### Given records

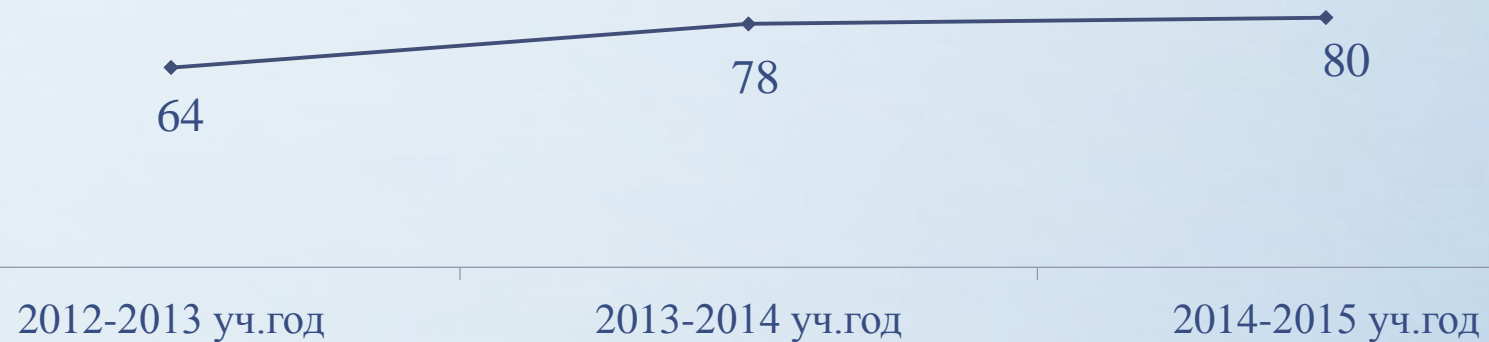
Динамика тестового балла по русскому языку по результатам МДР
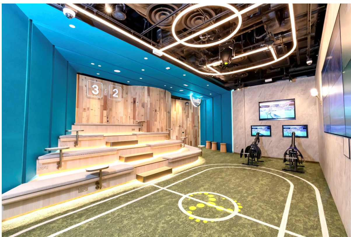
活動及遊戲專區及以再生木材製作的木牆裝飾
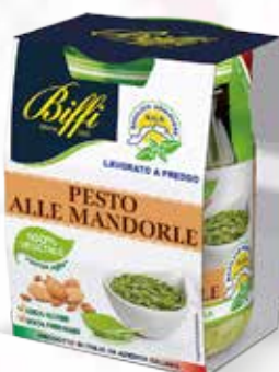
Pesto alle Mandorle
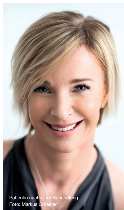
Patientin nach einer Behandlung.
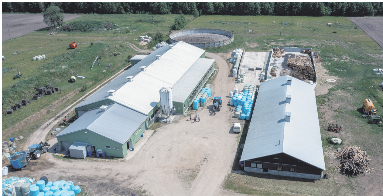
PRIA toetuse ja pangalaenu ehitati välja lauda laiendus, tänapäevane läghoidla ning soetati robotlõpsimasin ja uut tehnikat.

Robot nimega Merlin soetati PRIA toel Inglismaalt. Veel õnnestus sama projektiga ehitada lauda laiendus, sönnikuhoidla ja soetada uus, parem ja
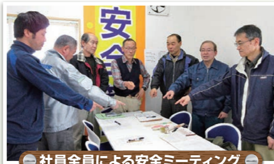
社員全員による安全ミーティング

弊社は出雲平野の南側に広がる山間地の入口付近に位置し、会社から約15km圏内の森林地帯を中心に事業展開しています。また、従業員の増に備えて会議スペースを広くしました。
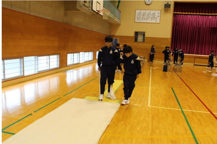
(中学生によるアイマスク体験)
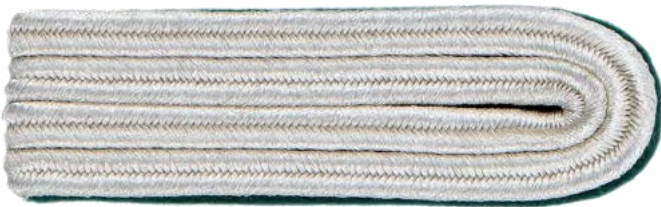
63117/ 4-streifig 63120/ 3-streifig 63121/ 2-streifig
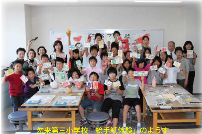
勿来第三小学校「絵手紙体験」の様子

6月2日(火)の午前中、勿来第三小学校学校の5・6年生40名と引率の先生3名が春の見学学習としてプラザを訪れ、2サークルによる体験企画に参加しました。5年生は絵手紙を体験。担当サークルはあす実会です。子供たちは、持ち寄ったさまざまなモチーフ(画題)をハガキいっぱい生き生きと描いていました。6年生は能楽を体験。担当サークルはいわき観世流連合会のみなさんです。畳に座りおなかから声
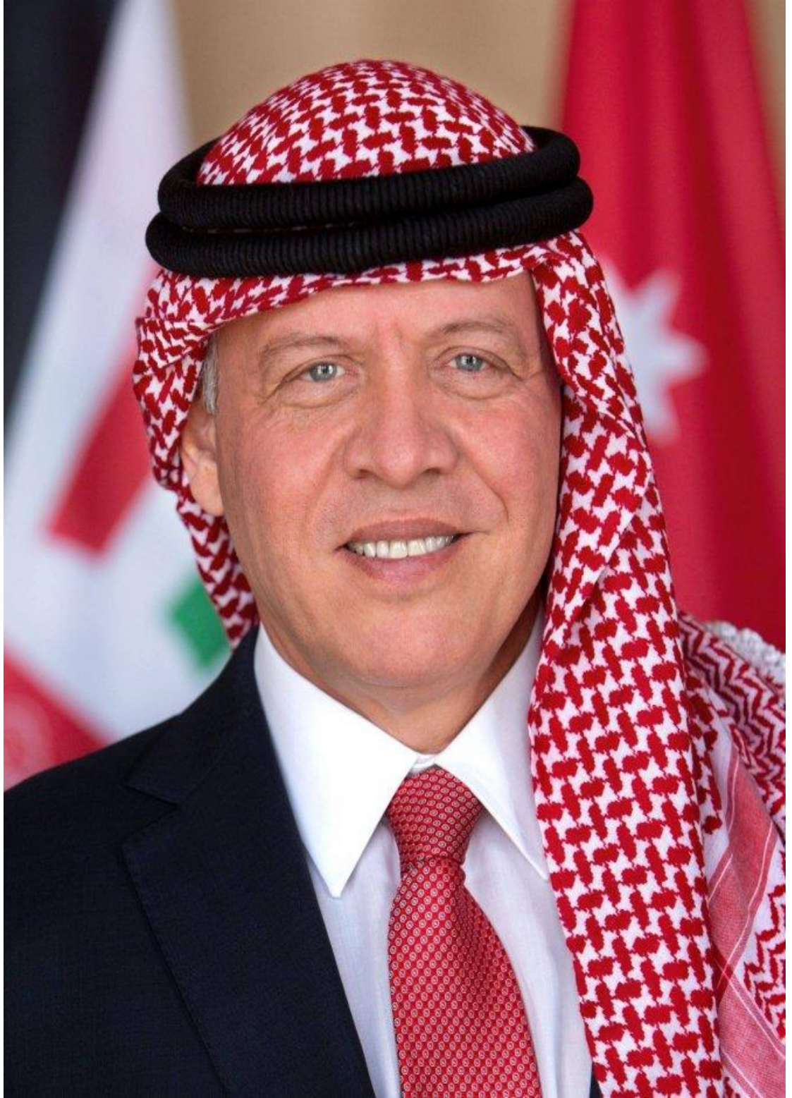
حضرة صاحب الجلالة الهاشمية الملك عبد الله الثاني ابن الحسين المعظم
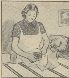
„Von jedem etwas. Und dazu eine grosse Schachtel Caba, die ist sowieso recht.“
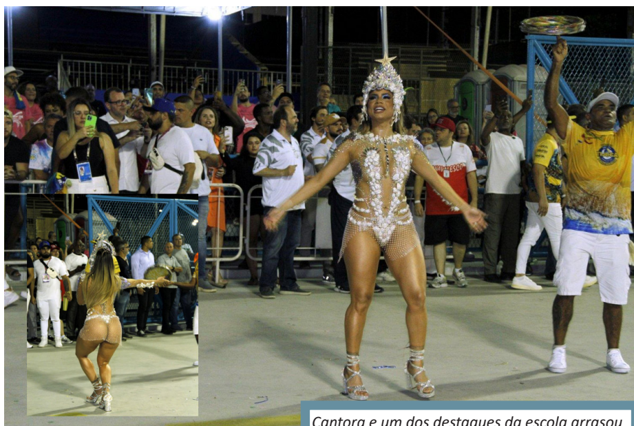
Cantora e um dos destaques da escola arrasou na avenida e atraiu olhares durante o desfile
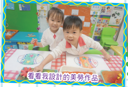
看看我設計的美勞作品
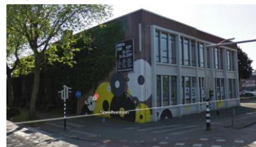
Speelhuislaan 171 / 33 ateliers/ 2 expositieruimtes
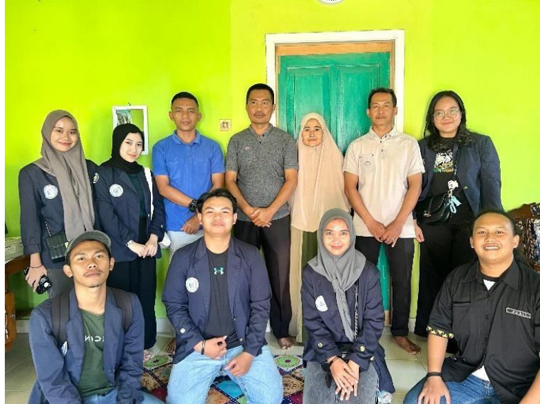
Survey Lokasi PKPM ke desa purworejo
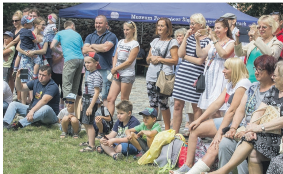
Wśród publiczności byli też mali rycerze
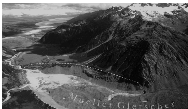
Der Mueller-Gletscher (im Vordergrund) auf der Südinsel Neuseelands schmilzt zusammen, wie die meisten Gletscher der Erde.

wie der Rest der Erde. Die Fläche des arktischen Meereises ist in den letzten Jahrzehnten um 15–20% geschrumpft, die Schneedecke hat um 10% abgenommen, die Gletscher in der Region schwinden und das Abschmelzen des Eisschildes auf Grönland hat sich überraschend stark beschleunigt.

### The problem
Return all lines from the entries that contain the string "Gletscher".

### Response
Der Mueller-Gletscher (im Vordergrund) auf der Südinsel Neuseelands schmilzt zusammen, wie die meisten Gletscher der Erde.
wie der Rest der Erde. Die Fläche des arktischen Meereises ist in den letzten Jahrzehnten um 15–20% geschrumpft, die Schneedecke hat um 10% abgenommen, die Gletscher in der Region schwinden und das Abschmelzen des Eisschildes auf Grönland hat sich überraschend stark beschleunigt.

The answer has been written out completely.